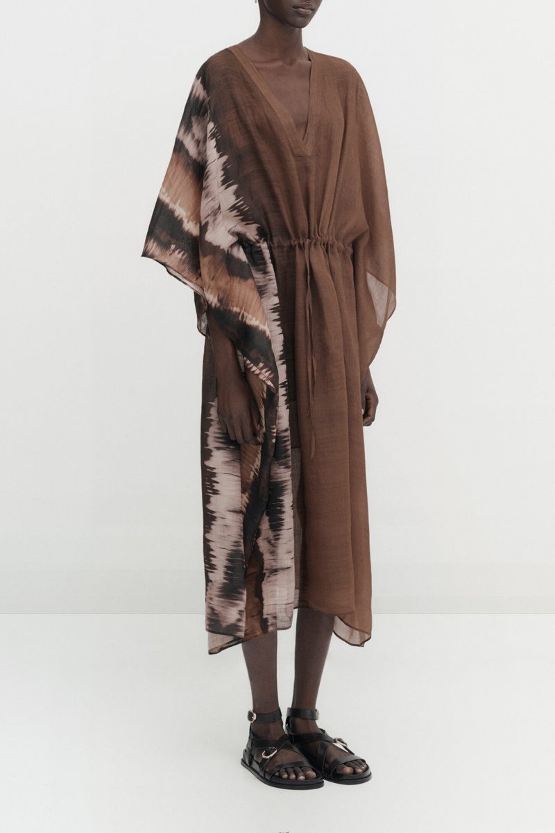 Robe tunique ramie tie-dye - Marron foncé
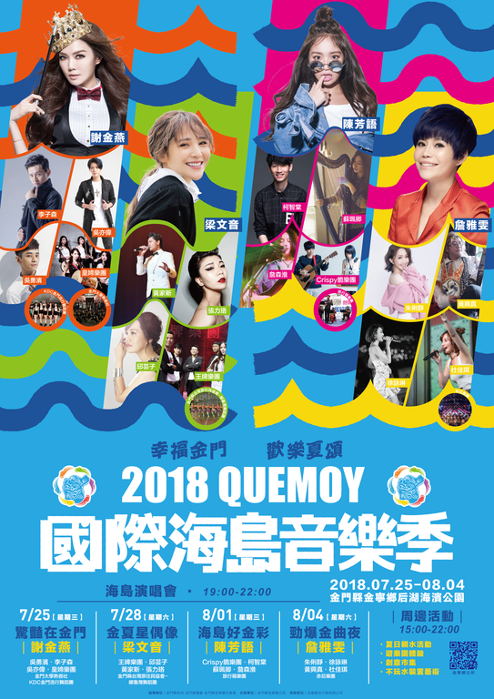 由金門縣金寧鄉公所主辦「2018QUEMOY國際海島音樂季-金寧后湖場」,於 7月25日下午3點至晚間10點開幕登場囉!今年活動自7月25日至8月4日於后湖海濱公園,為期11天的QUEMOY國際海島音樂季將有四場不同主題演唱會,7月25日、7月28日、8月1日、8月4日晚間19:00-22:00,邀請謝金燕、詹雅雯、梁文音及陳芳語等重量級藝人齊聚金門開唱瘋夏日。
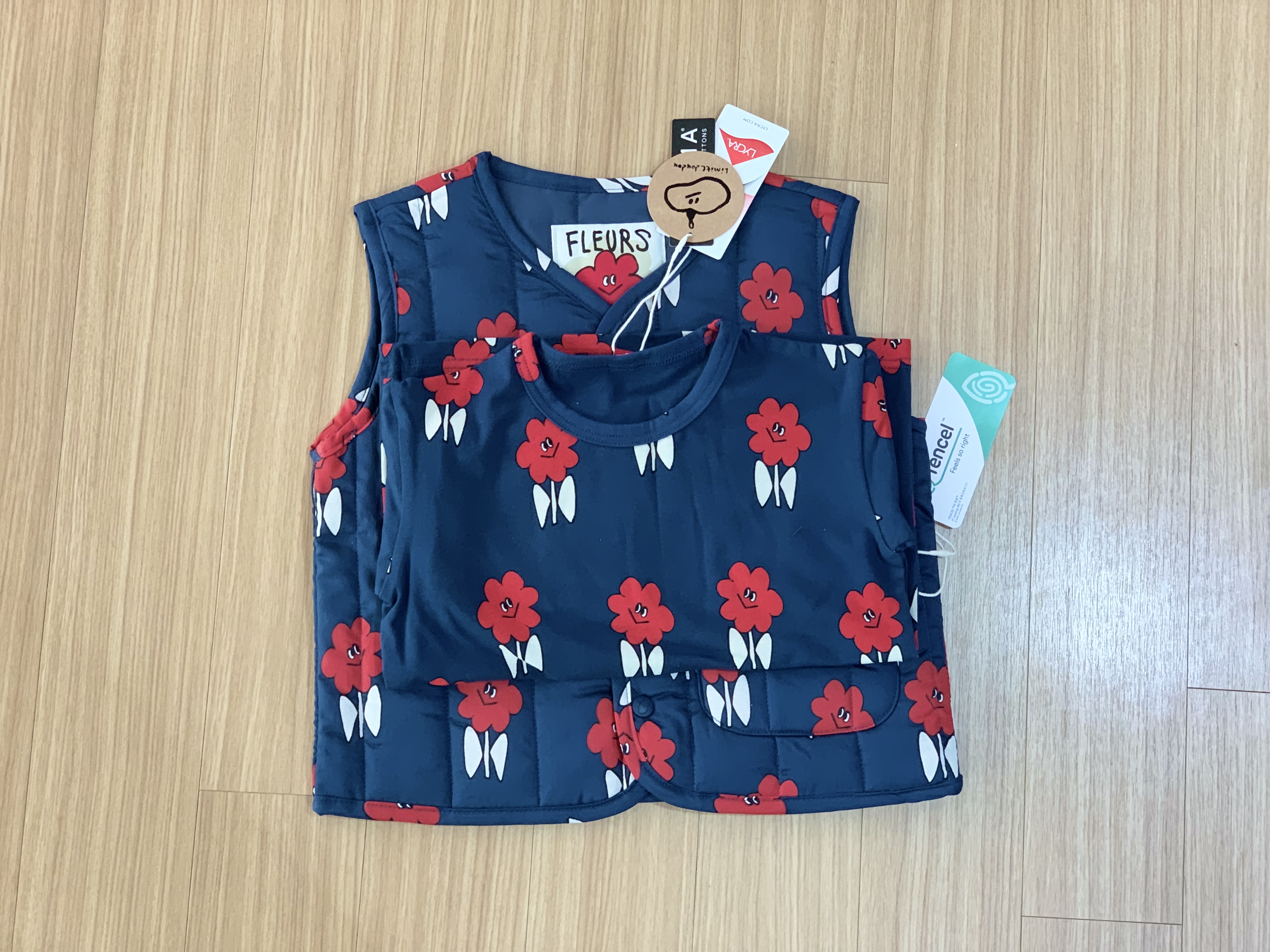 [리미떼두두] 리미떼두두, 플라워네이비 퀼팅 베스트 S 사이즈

■ **Exercise objective**: Copy the listing above verbatim, leaving out pictures.

■ **Solution to the exercise**:
 Robe tunique ramie tie-dye - Marron foncé
 由金門縣金寧鄉公所主辦「2018QUEMOY國際海島音樂季-金寧后湖場」,於 7月25日下午3點至晚間10點開幕登場囉!今年活動自7月25日至8月4日於后湖海濱公園,為期11天的QUEMOY國際海島音樂季將有四場不同主題演唱會,7月25日、7月28日、8月1日、8月4日晚間19:00-22:00,邀請謝金燕、詹雅雯、梁文音及陳芳語等重量級藝人齊聚金門開唱瘋夏日。
 [리미떼두두] 리미떼두두, 플라워네이비 퀼팅 베스트 S 사이즈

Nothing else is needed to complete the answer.